## Requirement
From the material below, set down exactly the lines that run from the one containing "- The following" to the one containing "Douglas Luiz celebrates", minus the pictures.

## Source material
****

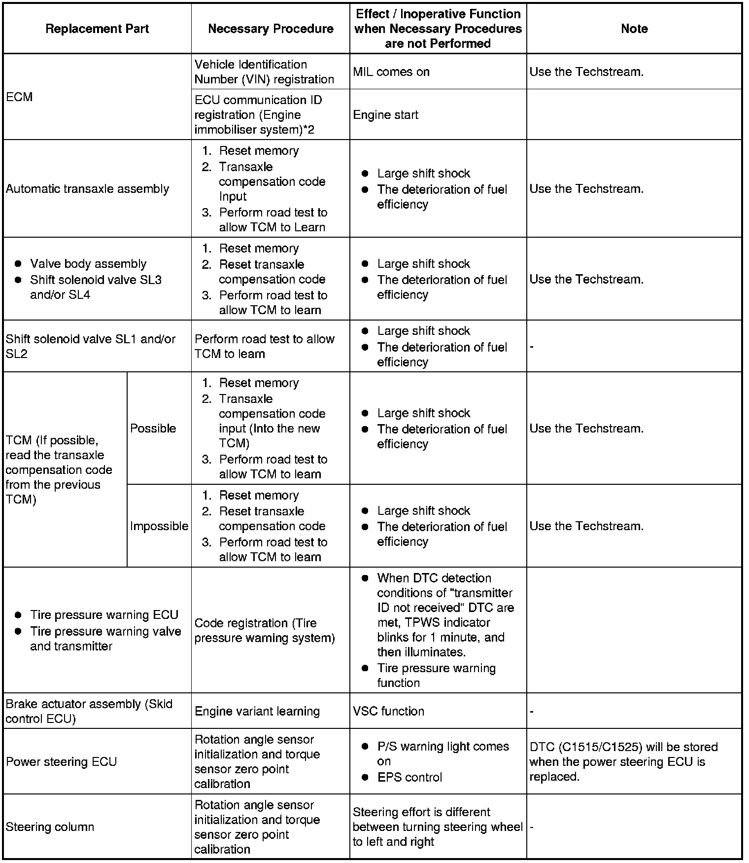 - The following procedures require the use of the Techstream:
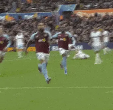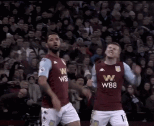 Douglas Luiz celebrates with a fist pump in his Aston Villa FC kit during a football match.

****

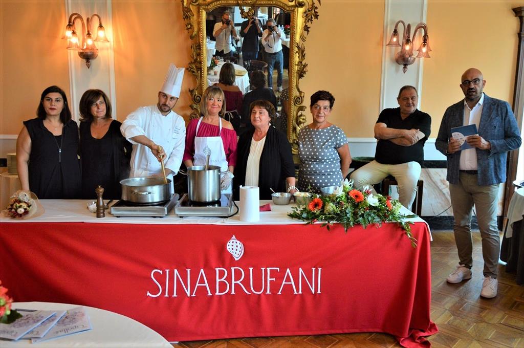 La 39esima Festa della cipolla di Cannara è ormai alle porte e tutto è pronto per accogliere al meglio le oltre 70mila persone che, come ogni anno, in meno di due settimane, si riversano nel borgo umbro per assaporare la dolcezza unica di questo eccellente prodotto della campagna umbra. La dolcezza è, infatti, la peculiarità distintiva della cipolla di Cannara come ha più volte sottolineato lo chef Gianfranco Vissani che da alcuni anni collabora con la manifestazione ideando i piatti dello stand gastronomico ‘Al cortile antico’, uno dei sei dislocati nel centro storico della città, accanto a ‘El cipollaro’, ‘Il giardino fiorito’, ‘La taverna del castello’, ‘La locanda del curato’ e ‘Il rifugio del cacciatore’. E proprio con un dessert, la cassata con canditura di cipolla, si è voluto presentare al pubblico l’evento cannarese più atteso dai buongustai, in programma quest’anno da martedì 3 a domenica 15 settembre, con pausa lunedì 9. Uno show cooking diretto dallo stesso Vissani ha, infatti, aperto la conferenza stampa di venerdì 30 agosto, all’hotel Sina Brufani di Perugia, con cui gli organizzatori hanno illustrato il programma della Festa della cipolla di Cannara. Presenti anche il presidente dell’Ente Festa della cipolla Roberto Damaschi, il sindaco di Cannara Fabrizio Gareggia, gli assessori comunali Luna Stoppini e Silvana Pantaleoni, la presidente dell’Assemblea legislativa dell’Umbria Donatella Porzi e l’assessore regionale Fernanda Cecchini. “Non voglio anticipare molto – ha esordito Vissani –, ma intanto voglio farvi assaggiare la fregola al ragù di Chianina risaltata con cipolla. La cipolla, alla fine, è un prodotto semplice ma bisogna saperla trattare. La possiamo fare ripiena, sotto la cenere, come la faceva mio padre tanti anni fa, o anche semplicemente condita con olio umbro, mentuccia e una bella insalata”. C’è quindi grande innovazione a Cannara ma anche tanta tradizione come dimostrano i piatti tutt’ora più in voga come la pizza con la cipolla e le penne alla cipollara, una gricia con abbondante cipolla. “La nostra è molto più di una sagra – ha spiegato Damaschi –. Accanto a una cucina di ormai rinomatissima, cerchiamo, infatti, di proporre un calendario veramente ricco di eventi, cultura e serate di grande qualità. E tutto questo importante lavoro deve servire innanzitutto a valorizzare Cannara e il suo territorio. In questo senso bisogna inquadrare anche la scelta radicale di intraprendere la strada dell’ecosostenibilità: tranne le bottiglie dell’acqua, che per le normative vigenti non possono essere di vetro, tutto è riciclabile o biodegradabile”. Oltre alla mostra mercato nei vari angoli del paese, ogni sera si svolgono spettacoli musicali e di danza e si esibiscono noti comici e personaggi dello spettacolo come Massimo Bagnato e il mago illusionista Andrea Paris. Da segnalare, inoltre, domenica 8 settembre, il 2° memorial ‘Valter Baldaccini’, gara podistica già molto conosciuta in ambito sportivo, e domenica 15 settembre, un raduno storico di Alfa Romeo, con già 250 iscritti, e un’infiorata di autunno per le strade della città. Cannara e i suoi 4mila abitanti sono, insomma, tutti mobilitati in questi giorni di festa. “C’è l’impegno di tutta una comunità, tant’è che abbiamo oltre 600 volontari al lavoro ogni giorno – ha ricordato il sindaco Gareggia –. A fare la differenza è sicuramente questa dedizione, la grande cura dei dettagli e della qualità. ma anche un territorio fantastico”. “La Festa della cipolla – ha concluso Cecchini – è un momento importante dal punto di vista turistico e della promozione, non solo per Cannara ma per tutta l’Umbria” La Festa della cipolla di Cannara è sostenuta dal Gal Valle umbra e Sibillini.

****

## Task solution
 - The following procedures require the use of the Techstream:
 Douglas Luiz celebrates with a fist pump in his Aston Villa FC kit during a football match.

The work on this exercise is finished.